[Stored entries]
________________________________________

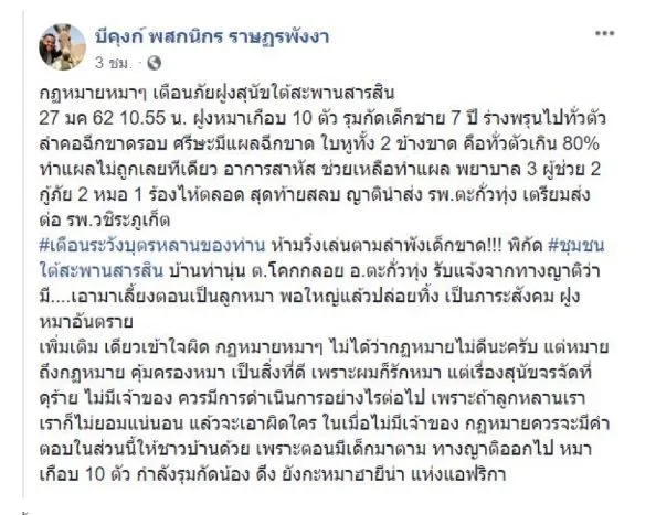 จากกรณี เด็กชายวัย 7 ขวบ ถูกสุนัขจรจัดรุมกัด ส่งผลให้ โดยรอบบริเวณลำคอของเด็กชายมีแผลฉีกขาด นอกจากนี้ยังพบว่าใบหูทั้ง 2 ข้างก็ฉีกขาดด้วย ส่วนบริเวณแขน และขา มีร่องรอยสุนัขกัดทั่วร่างกาย
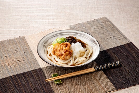さっぱりとした味付けの沖縄県産もずくと鶏天を組み合わせ満足感ある冷たいうどんです。
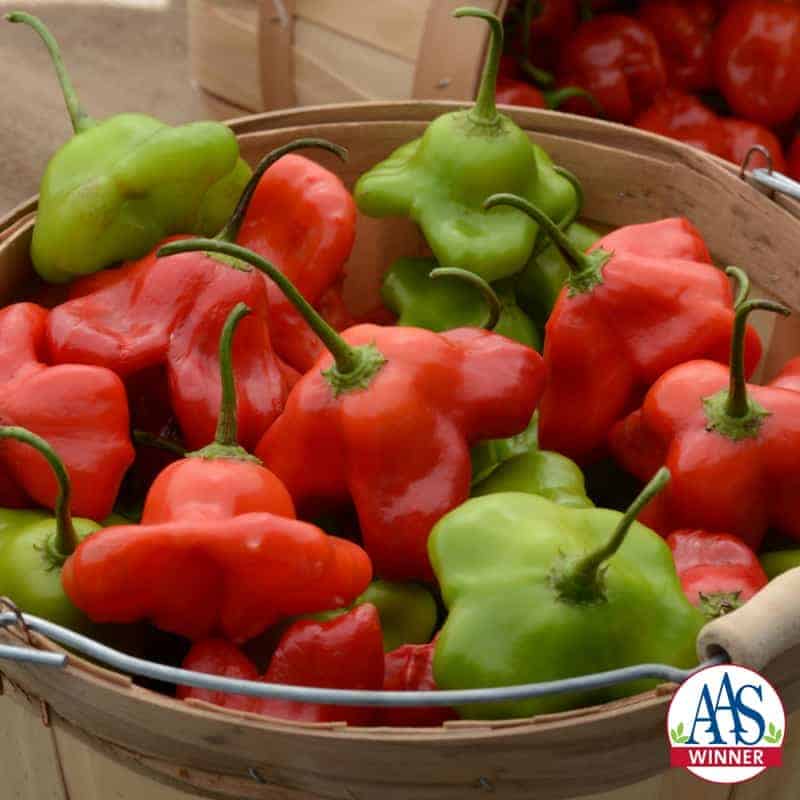 Intriguing small flattened-disc shape pepper with lobes or wings. Mad Hatter is crunchy, crisp and mild. Ideal for eating at mature green or ripe red stage. A large indeterminate plant that will benefit from a support or a trellis.
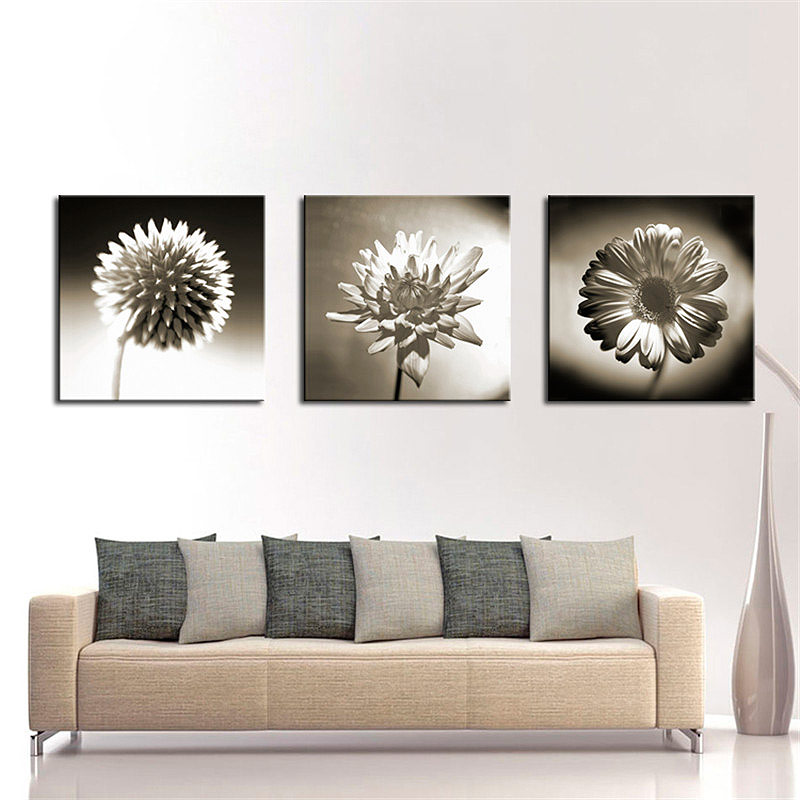 Triptyque "Fleurs" dans le salon.
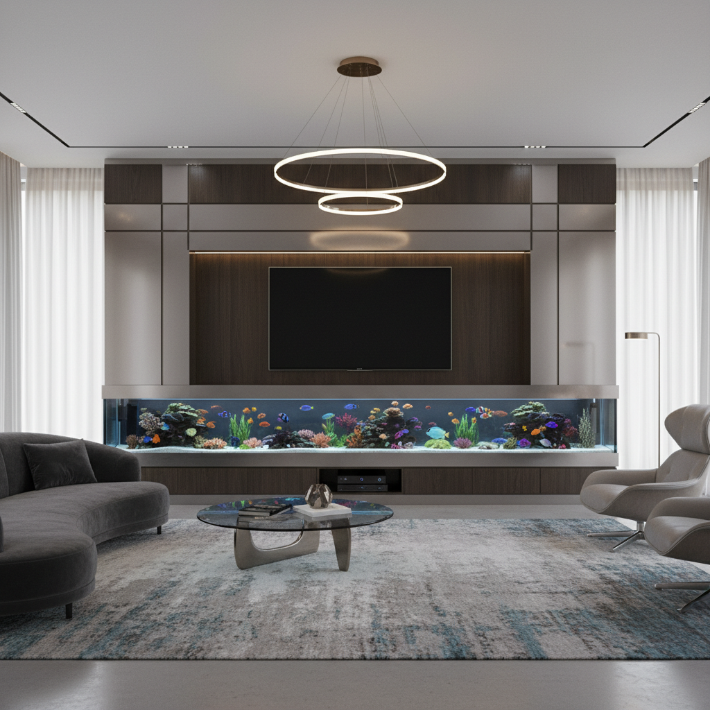 For a truly unique and calming feature, integrate a sleek, modern aquarium or a beautifully designed terrarium into your TV wall. The gentle movement of fish or lush greenery provides a living, dynamic element that contrasts beautifully with the technology, creating a serene and captivating focal point. Ensure proper structural support and maintenance access.
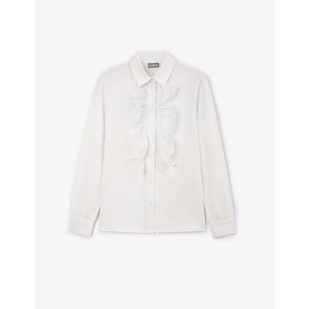 Блузка с длинным рукавом молочного цвета – элегантный акцент школьного гардероба. Блузка прямой свободной формы выполнена из мягкого хлопкового трикотажного полотна с эластаном, дарящего ощущение легкости, свежести, комфорта в течение дня. Центральная часть украшена чередой мелких текстильных рюшей, придающих школьным комплектам с ней нотку романтики. Молочная блузка для школы гармонично сочетается и с классическими юбками и брюками, и с модными трубами, и с палаццо, легко вписываясь как в строгие, так и в более непринужденные образы. Блузка застегивается на кнопки.
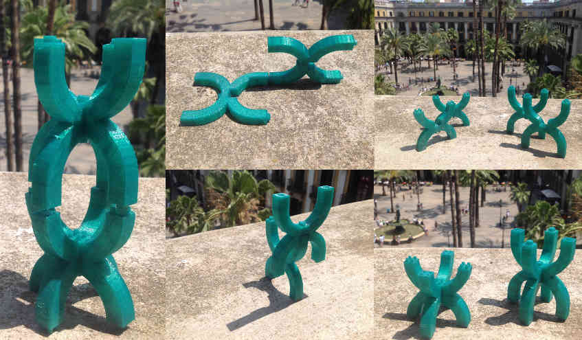 I used the makerbot to print out the pieces in green PLA. My first iteration had many holes and cyclinders (alike to lego), making it hard for them to fit into each other. I redesigned the piece to have just one hole and cylinder for each joint, for better fitting.
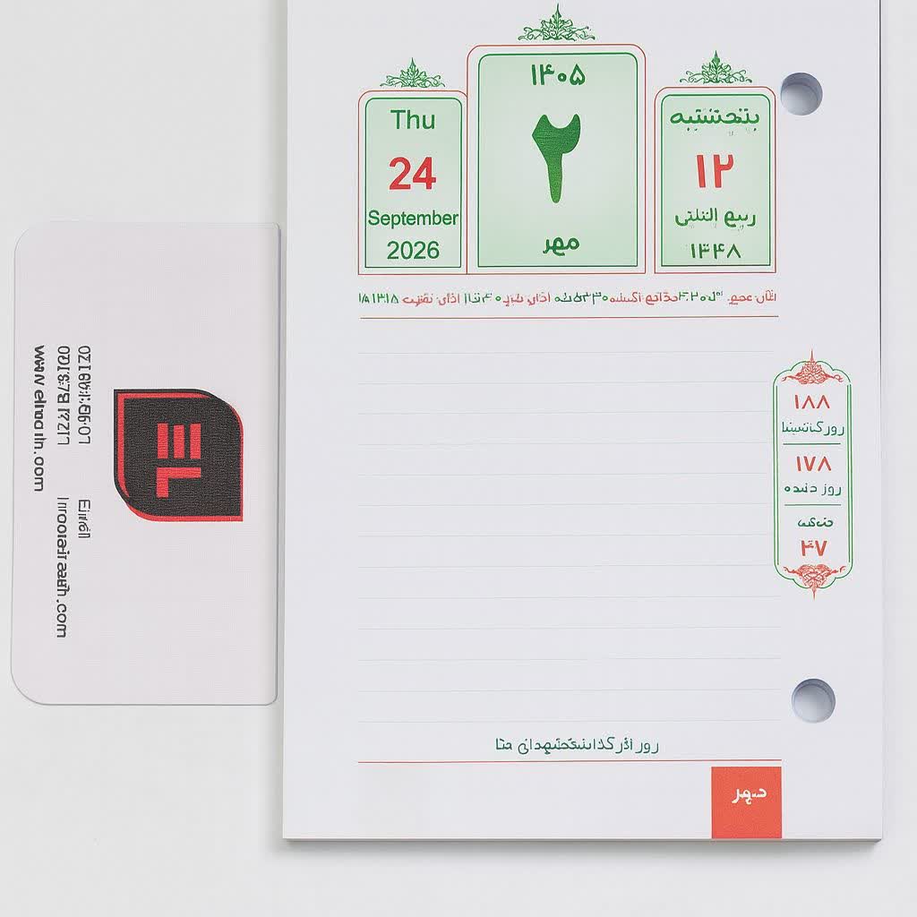 با تقویم رومیزی 1405 مهرگان، زمان را در دستان خود بگیرید! این تقویم با طراحی منحصربهفرد و کیفیت عالی، زیبایی و نظم را به محیط کار و خانهتان هدیه میدهد. هر روز را با انرژی و انگیزه آغاز کنید و لحظات مهم زندگیتان را با این تقویم بهیادماندنی ثبت کنید. همین حالا خرید کنید!
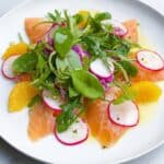 A refreshing and vibrant zingy radish salad featuring juicy orange segments, crisp radishes, and smoky salmon, perfectly balanced with tangy red wine vinegar and peppery watercress. Served with brown bread, this salad is a light and healthy meal or starter that’s quick to prepare and bursting with fresh flavors.
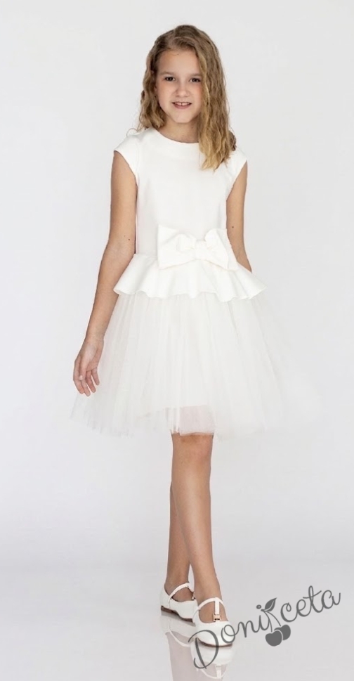 Комплект от детска рокля с къс ръкав с тюл и панделка в бяло и болеро Contrast

________________________________________

What the task requires
Without carrying over any picture, retype the records above word for word.

Your solution
 จากกรณี เด็กชายวัย 7 ขวบ ถูกสุนัขจรจัดรุมกัด ส่งผลให้ โดยรอบบริเวณลำคอของเด็กชายมีแผลฉีกขาด นอกจากนี้ยังพบว่าใบหูทั้ง 2 ข้างก็ฉีกขาดด้วย ส่วนบริเวณแขน และขา มีร่องรอยสุนัขกัดทั่วร่างกาย
さっぱりとした味付けの沖縄県産もずくと鶏天を組み合わせ満足感ある冷たいうどんです。
 Intriguing small flattened-disc shape pepper with lobes or wings. Mad Hatter is crunchy, crisp and mild. Ideal for eating at mature green or ripe red stage. A large indeterminate plant that will benefit from a support or a trellis.
 Triptyque "Fleurs" dans le salon.
 For a truly unique and calming feature, integrate a sleek, modern aquarium or a beautifully designed terrarium into your TV wall. The gentle movement of fish or lush greenery provides a living, dynamic element that contrasts beautifully with the technology, creating a serene and captivating focal point. Ensure proper structural support and maintenance access.
 Блузка с длинным рукавом молочного цвета – элегантный акцент школьного гардероба. Блузка прямой свободной формы выполнена из мягкого хлопкового трикотажного полотна с эластаном, дарящего ощущение легкости, свежести, комфорта в течение дня. Центральная часть украшена чередой мелких текстильных рюшей, придающих школьным комплектам с ней нотку романтики. Молочная блузка для школы гармонично сочетается и с классическими юбками и брюками, и с модными трубами, и с палаццо, легко вписываясь как в строгие, так и в более непринужденные образы. Блузка застегивается на кнопки.
 I used the makerbot to print out the pieces in green PLA. My first iteration had many holes and cyclinders (alike to lego), making it hard for them to fit into each other. I redesigned the piece to have just one hole and cylinder for each joint, for better fitting.
 با تقویم رومیزی 1405 مهرگان، زمان را در دستان خود بگیرید! این تقویم با طراحی منحصربهفرد و کیفیت عالی، زیبایی و نظم را به محیط کار و خانهتان هدیه میدهد. هر روز را با انرژی و انگیزه آغاز کنید و لحظات مهم زندگیتان را با این تقویم بهیادماندنی ثبت کنید. همین حالا خرید کنید!
 A refreshing and vibrant zingy radish salad featuring juicy orange segments, crisp radishes, and smoky salmon, perfectly balanced with tangy red wine vinegar and peppery watercress. Served with brown bread, this salad is a light and healthy meal or starter that’s quick to prepare and bursting with fresh flavors.
 Комплект от детска рокля с къс ръкав с тюл и панделка в бяло и болеро Contrast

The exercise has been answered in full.